До сих пор помню очень сексуальную по тем временам сцену, где Клара Шадько и Алексей Дуров, совсем молодые актёры, изображали первое свидание на сеновале. Половина студии завалена сеном. Время съёмки – ночное, после эфира. Режиссёр требует от них правды жизни, поскольку:
– Это вам не театр, – внушал Анатолий Николаевич, – из зрительного зала не видно, что вместо любви вам хочется спать. Там вы можете всё делать в пол-ноги. Но здесь… Крупный план вас выдаст с головой, а точнее с вашими сонными глазами. Прошу, соберитесь, и ещё раз.
Когда по пятому раза они сливались в объятиях, а картинка всё не устраивала режиссёра, у всех присутствующих начинался истерический хохот, и именно он выводил из заторможенного состояния. Актёры просыпались, страстно обнимались, и счастливый режиссёр переходил к следующей сцене. Это были репетиции.
А когда всё шло в живом эфире, раскачки быть не могло. А было как в фильме «Человек с бульвара Капуцинов», когда Джонни Фёст объяснял Диане Литл:
«– Почему в фильме все так быстро, Джонни?

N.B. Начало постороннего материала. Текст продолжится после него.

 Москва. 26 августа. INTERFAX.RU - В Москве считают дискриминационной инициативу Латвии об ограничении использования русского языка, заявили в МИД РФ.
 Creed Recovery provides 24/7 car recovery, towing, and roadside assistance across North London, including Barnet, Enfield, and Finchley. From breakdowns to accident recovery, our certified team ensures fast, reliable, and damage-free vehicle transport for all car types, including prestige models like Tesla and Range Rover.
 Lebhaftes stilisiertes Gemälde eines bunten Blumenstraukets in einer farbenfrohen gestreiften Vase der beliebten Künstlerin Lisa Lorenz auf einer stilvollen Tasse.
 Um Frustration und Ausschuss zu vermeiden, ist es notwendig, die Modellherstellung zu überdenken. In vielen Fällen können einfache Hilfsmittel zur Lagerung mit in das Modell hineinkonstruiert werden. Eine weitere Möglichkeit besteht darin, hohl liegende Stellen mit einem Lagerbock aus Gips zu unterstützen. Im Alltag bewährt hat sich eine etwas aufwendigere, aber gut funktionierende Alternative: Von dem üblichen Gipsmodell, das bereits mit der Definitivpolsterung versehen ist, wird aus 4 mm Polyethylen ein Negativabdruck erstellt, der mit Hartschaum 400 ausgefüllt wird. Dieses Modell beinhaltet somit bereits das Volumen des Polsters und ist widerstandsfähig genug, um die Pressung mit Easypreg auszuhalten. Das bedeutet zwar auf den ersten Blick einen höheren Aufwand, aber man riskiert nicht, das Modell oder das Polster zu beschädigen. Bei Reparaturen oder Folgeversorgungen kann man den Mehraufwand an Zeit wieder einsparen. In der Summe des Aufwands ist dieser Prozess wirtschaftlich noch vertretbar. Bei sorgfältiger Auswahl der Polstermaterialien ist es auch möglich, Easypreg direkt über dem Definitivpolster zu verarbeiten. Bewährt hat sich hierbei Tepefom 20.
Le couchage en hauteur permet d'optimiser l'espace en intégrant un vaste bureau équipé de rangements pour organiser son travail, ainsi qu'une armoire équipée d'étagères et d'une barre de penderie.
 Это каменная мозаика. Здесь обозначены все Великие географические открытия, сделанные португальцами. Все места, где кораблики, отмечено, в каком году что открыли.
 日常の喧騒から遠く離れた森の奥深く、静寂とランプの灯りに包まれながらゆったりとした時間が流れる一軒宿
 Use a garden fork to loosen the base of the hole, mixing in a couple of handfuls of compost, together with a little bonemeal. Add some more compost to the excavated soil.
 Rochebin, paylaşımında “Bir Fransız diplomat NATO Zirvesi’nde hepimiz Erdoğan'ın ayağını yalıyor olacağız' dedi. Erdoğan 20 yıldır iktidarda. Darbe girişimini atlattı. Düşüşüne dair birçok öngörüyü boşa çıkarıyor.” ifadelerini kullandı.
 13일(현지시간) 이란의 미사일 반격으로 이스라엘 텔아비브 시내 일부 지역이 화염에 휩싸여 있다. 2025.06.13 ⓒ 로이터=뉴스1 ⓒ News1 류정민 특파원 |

Обнимаются, целуются, свадьба и вот уже бэби.
– Диана, это монтаж. Кадр – обнимаются, кадр – целуются, кадр – свадьба, и бэби. Всё это склеивают, и получается быстро.

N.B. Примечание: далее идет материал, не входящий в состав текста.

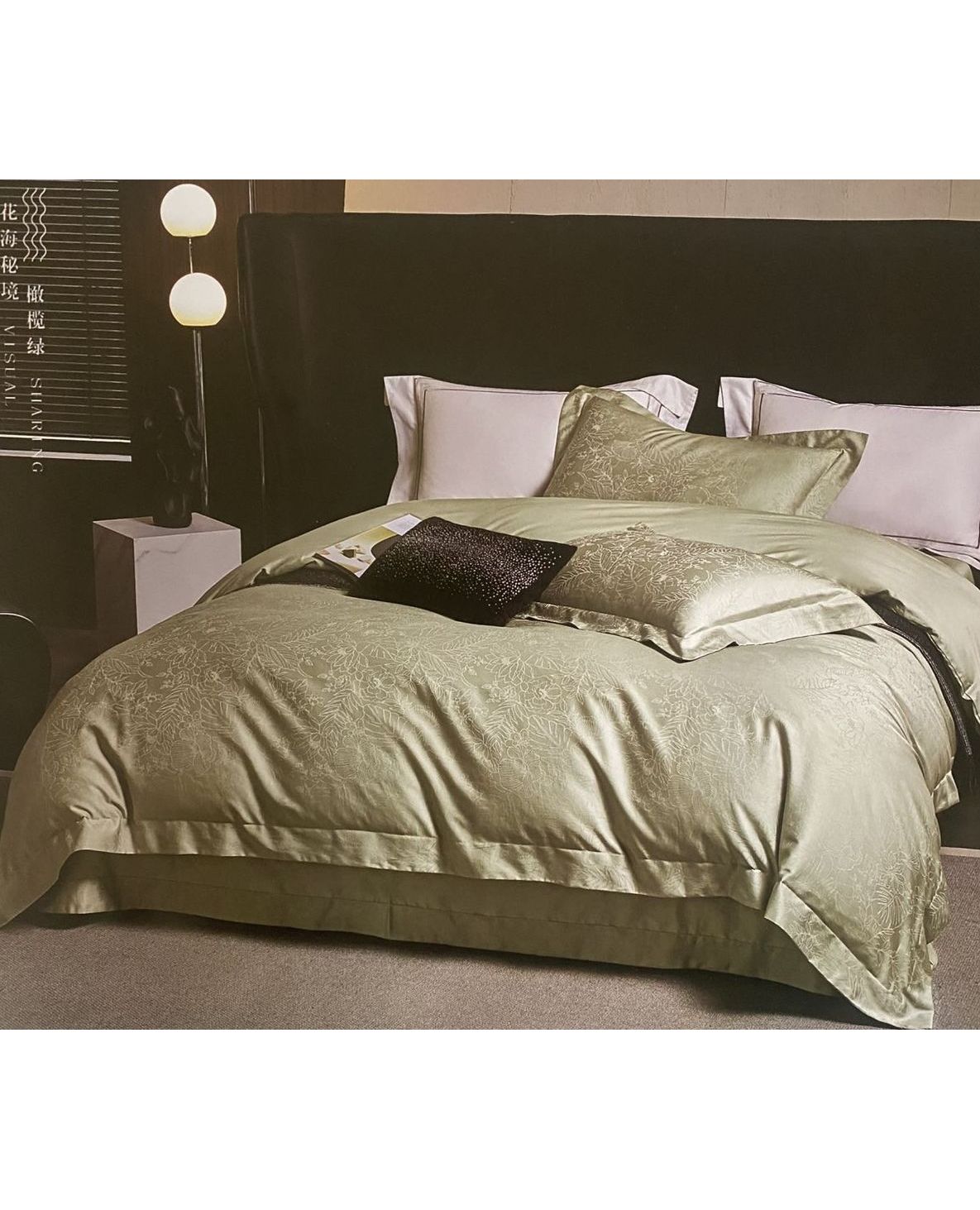 Комплект постельного белья из хлопка оливкового цвета с цветочным узором

– Ой, Джонни, я хочу монтаж!»
Мы тоже мечтали о монтаже, но из-за отсутствия видеозаписи «отбивали» временнЫе переходы с помощью ЗТМ (затемнённый кадр).
А когда появилась видеозапись, спектакли уже не ставили. Считалось, что телевидение призвано отражать реальную жизнь и главным должен быть репортаж с места события.
На этой волне появилось много передач о поэтах, художниках, актёрах, а спектакли брали только из нашего Драмтеатра.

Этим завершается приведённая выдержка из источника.